* Task to carry out
In the material below, find the line with "Glorie Koupelna obsahuje" and the line with "Yüksek Bel Barrel-Fit Pantolon". Output exactly those two lines and all lines between them, leaving out pictures.
++++++++++++++++++++
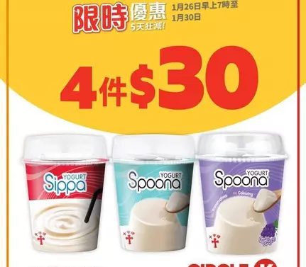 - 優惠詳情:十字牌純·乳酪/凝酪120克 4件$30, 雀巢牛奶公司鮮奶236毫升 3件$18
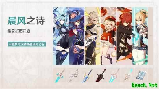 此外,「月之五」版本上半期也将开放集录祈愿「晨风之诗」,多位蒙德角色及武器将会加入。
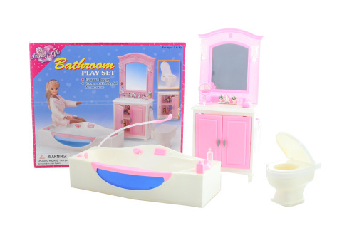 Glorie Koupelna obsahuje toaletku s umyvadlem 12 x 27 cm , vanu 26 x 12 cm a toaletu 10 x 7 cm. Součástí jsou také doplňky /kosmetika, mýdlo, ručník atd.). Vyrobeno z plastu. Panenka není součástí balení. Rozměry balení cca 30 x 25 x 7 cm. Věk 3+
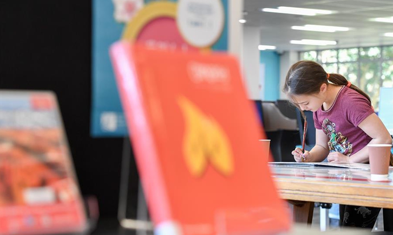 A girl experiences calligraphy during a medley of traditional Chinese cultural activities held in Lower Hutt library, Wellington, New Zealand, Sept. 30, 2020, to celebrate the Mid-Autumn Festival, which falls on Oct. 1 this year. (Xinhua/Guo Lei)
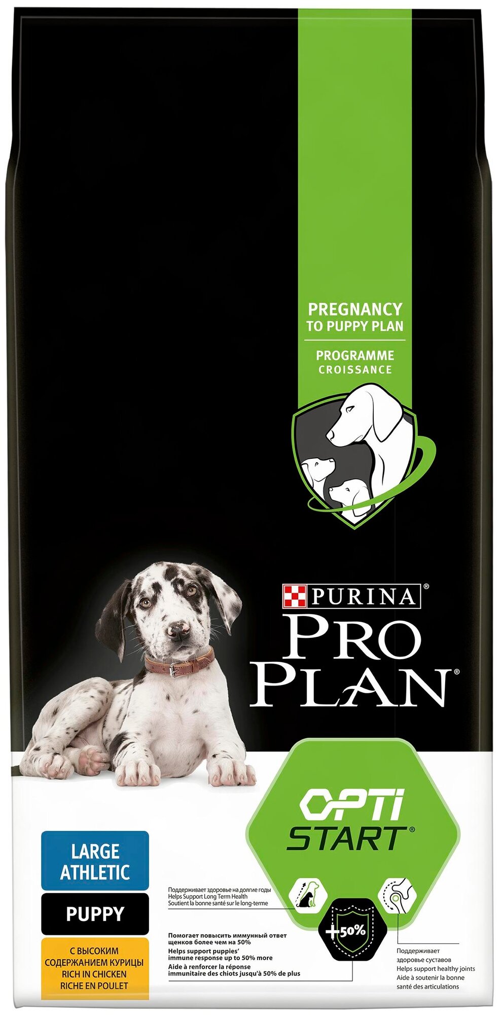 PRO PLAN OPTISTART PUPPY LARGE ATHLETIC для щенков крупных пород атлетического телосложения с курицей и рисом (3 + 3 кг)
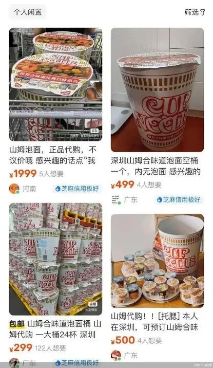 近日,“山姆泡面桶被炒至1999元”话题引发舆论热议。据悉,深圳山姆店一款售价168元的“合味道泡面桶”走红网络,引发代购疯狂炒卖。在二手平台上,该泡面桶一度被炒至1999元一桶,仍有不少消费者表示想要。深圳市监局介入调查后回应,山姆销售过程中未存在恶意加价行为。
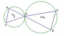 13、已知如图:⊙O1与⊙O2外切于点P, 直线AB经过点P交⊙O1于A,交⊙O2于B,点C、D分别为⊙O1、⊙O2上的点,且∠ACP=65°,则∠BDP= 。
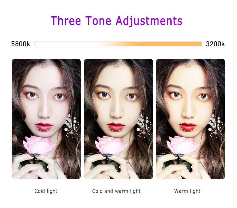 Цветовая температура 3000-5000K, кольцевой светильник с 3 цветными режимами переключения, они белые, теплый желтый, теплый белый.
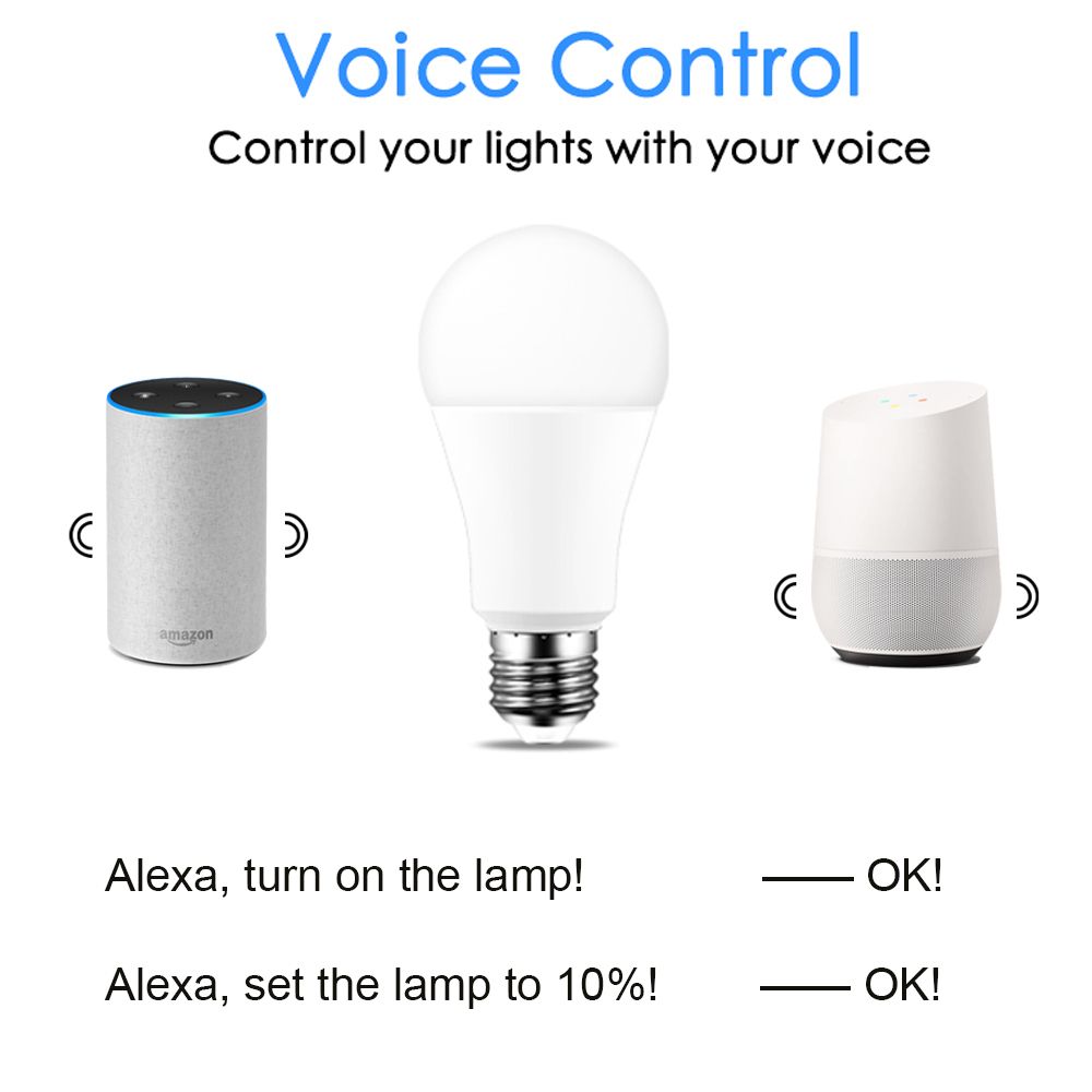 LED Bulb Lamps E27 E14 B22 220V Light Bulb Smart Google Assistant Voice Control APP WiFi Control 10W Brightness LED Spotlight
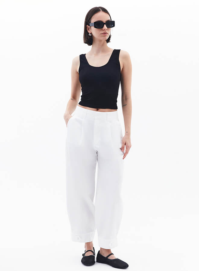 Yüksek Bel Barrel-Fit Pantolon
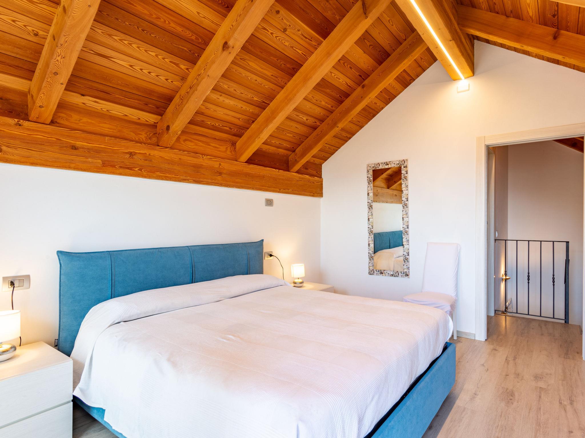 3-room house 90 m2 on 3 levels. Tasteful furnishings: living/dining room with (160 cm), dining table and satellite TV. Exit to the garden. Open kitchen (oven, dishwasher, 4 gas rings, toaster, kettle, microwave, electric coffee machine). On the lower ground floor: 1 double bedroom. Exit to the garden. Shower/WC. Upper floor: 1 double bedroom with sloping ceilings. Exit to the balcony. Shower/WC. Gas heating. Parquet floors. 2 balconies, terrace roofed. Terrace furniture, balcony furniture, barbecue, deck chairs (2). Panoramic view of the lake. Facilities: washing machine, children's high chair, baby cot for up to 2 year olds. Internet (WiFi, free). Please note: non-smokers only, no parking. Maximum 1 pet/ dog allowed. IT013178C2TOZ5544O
++++++++++++++++++++
* Solution to the exercise
 Glorie Koupelna obsahuje toaletku s umyvadlem 12 x 27 cm , vanu 26 x 12 cm a toaletu 10 x 7 cm. Součástí jsou také doplňky /kosmetika, mýdlo, ručník atd.). Vyrobeno z plastu. Panenka není součástí balení. Rozměry balení cca 30 x 25 x 7 cm. Věk 3+
 A girl experiences calligraphy during a medley of traditional Chinese cultural activities held in Lower Hutt library, Wellington, New Zealand, Sept. 30, 2020, to celebrate the Mid-Autumn Festival, which falls on Oct. 1 this year. (Xinhua/Guo Lei)
 PRO PLAN OPTISTART PUPPY LARGE ATHLETIC для щенков крупных пород атлетического телосложения с курицей и рисом (3 + 3 кг)
 近日,“山姆泡面桶被炒至1999元”话题引发舆论热议。据悉,深圳山姆店一款售价168元的“合味道泡面桶”走红网络,引发代购疯狂炒卖。在二手平台上,该泡面桶一度被炒至1999元一桶,仍有不少消费者表示想要。深圳市监局介入调查后回应,山姆销售过程中未存在恶意加价行为。
 13、已知如图:⊙O1与⊙O2外切于点P, 直线AB经过点P交⊙O1于A,交⊙O2于B,点C、D分别为⊙O1、⊙O2上的点,且∠ACP=65°,则∠BDP= 。
 Цветовая температура 3000-5000K, кольцевой светильник с 3 цветными режимами переключения, они белые, теплый желтый, теплый белый.
 LED Bulb Lamps E27 E14 B22 220V Light Bulb Smart Google Assistant Voice Control APP WiFi Control 10W Brightness LED Spotlight
 Yüksek Bel Barrel-Fit Pantolon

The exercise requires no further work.